In the elderly, the work of the cardiovascular system of the body, especially in women, is often disrupted. One of the most common diseases of such a plan is the temporal giant cell arteritis (GTA). It is characterized by inflammation of the walls of the carotid and temporal artery, which is important to immediately stop, as the pathology rapidly progresses and can cause severe complications, including sudden blindness.
Signs of giant cell temporal arteritis
Another name for the described ailment is Horton's disease. Its symptoms are classified by specialists into three groups:
1. General:
- fever and fever;
- intense headaches;
- weight loss;
- lack of appetite until anorexia;
- sleep disorders;
- severe fatigue;
- myalgia and arthralgia ;
- pain when chewing;
- numbness of some parts of the face;
- soreness with palpation of the scalp;
- rheumatic polymyalgia.
2. Vascular:
- densification of the temporal and parietal arteries;
- redness and swelling of the skin on the temples;
- nodules in the scalp;
- soreness in palpation of arteries, absence of pulsation;
- sometimes - transient ischemic attacks, strokes.
3. Spotting:
- deterioration of visual acuity;
- pain in the eyeball;
- sudden blindness.
Therapy of giant cell arteritis with rheumatic polymyalgia
The considered form of Horton's disease is accompanied by acute pain in the muscles of the shoulder girdle and pelvis. Her treatment is no different from an integrated approach for any other types of GTA.
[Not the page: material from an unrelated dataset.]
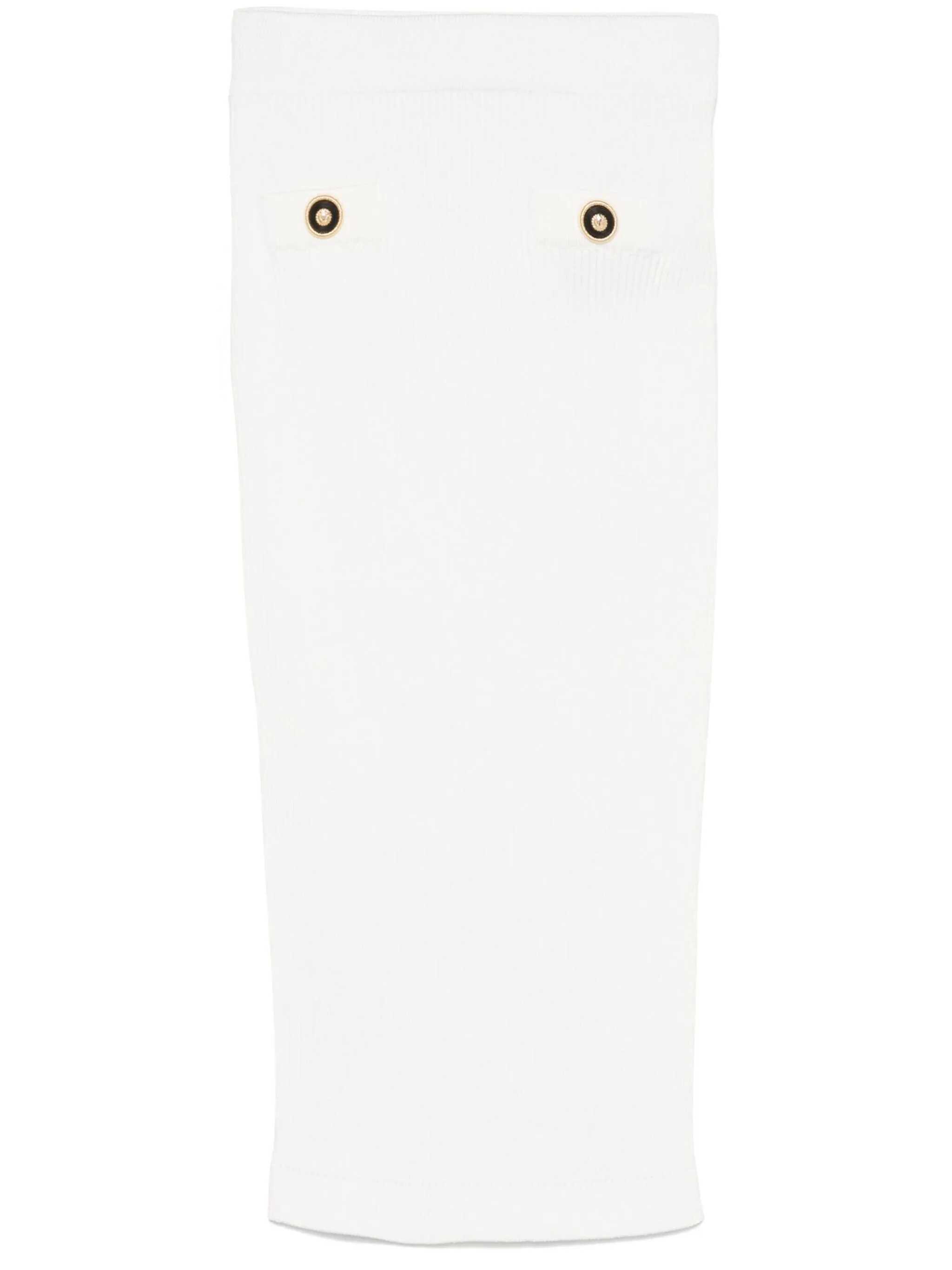 Characteristics white elasticated waist fake pocket detail with decorative buttoning

According to published medical research, giant cell arteritis is subject to hormone therapy. Admission Prednisolone at a starting dose of 40 mg per day allows for 24-48 hours to significantly improve the patient's condition and to stop inflammation in the walls of the arteries. In severe cases, additionally prescribed Methylprednisolone.
When the severity of signs of Horton's disease is significantly reduced, the dosage of corticosteroid hormones decreases to 10 mg per day. Supportive treatment lasts at least six months, until all the symptoms of giant cell arteritis completely disappear. Severe forms of this disease suggest a longer course of therapy, about 2 years.
Even after the confirmation of recovery, it is necessary to continue monitoring with a specialist, regularly visit planned examinations, as the disease can recur.